Matrix inverse in numpy/python not giving correct matrix?

Question

I have a nxn matrix C and use inv from numpy.linalg to take the inverse to get Cinverse. My Cmatrix has elements of order 10**4 but my Cinverse matrix has elements of order 10**12 and higher (not sure if thats correct). When I do numpyp.dot(C,Cinverse), I do not get the identity matrix. Why is this?

I have a vector x which I multiply by itself to get a matrix.

x=array([ 121.41191662,   74.22830468,   73.23156336,   75.48354975,
     79.89580817])
c=np.outer(xvector,xvector)

this is a 5x5 matrix.

then I get its inverse by

from numpy.linalg import inv
cinverse=inv(c)

then I want to see if I can get identity matrix back.

identity=np.dot(C00,C00inv)

However, I do not get the identity matrix. cinverse has very large matrix elements around 10**13 and higher while c has matrix elements around 10,000.

Answer 1

The outer product of two vectors (be they the same or not) is not invertible. Since it is just a stack of scaled copies of the same vector its rank is one.
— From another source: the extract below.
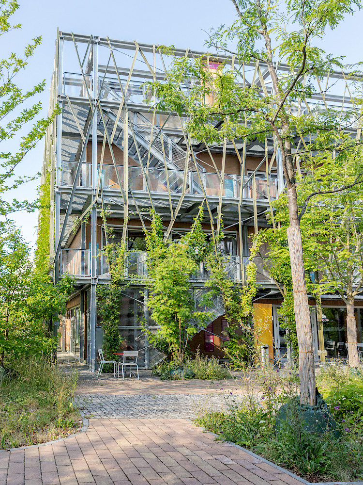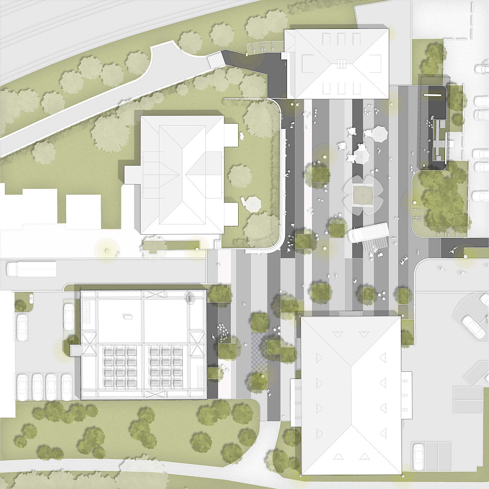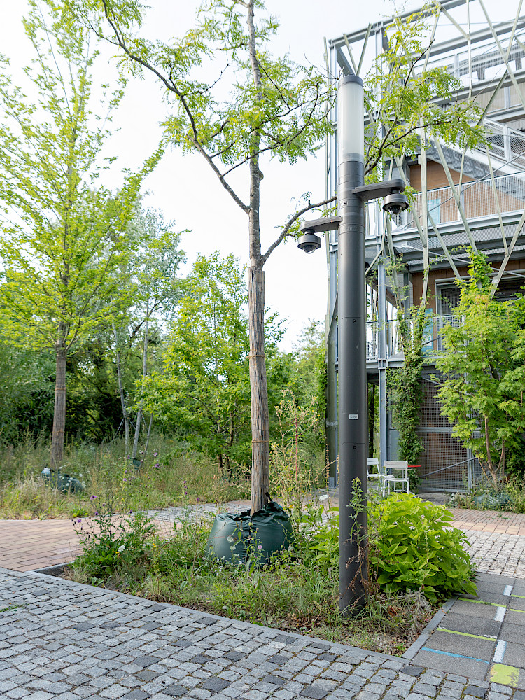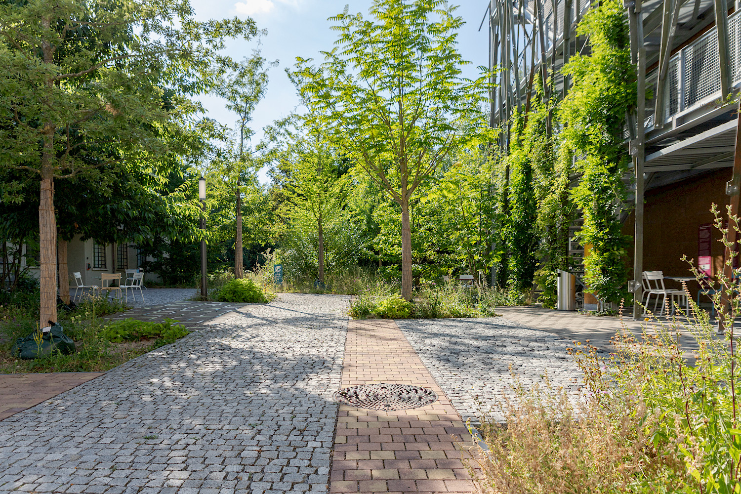 Das neue Besucherangebot «Primeo Energie Kosmos» beschäftigt sich mit den wichtigen Fragestellungen zu Energie und Klima. Als Ort der Wissensvermittlung war im Aussenraum vor allem die Sichtbarmachung einer nachhaltigen Kreislaufwirtschaft von Bedeutung. Aus wiederverwendeten und geretteten Pflastersteinen wurde ein kompletter Platz im Sinne des ReUse-Gedankens geschaffen. Das flexible Konzept der «Streifen» ermöglichte Änderungen im Materialbezug und Bauprozess. Neben seiner Funktion als Empfangs- und Ausstellungsfläche wird der Platz somit selbst zum Ausstellungsobjekt. Die darauf gepflanzten Klimabäume greifen zusätzlich die Thematik des Klimawandels auf. Der Übergang zum angrenzenden Birsraum wird mit ortstypischer Vegetation gestärkt.

Rank defective matrices cannot be inverted.

I'm surprised that numpy is not raising an exception or at least giving a warning.

Answer 2

So here is some code that generates the inverse matrix, and I will comment about it afterwards.

import numpy as np
x = np.random.rand(5,5)*10000 # makes a 5x5 matrix with elements around 10000
xin = np.linalg.inv(x)
iden = np.dot(x,xinv)

Now the first line of your iden matrix probably looks something like this: [ 1.00000000e+00, -2.05382445e-16, -5.61067365e-16, 1.99719718e-15, -2.12322957e-16] . Notice that the first element is exactly 1, as it should be, but there others are not exactly 0, however they are essentially zero and should be regarded as zero according to machine precision.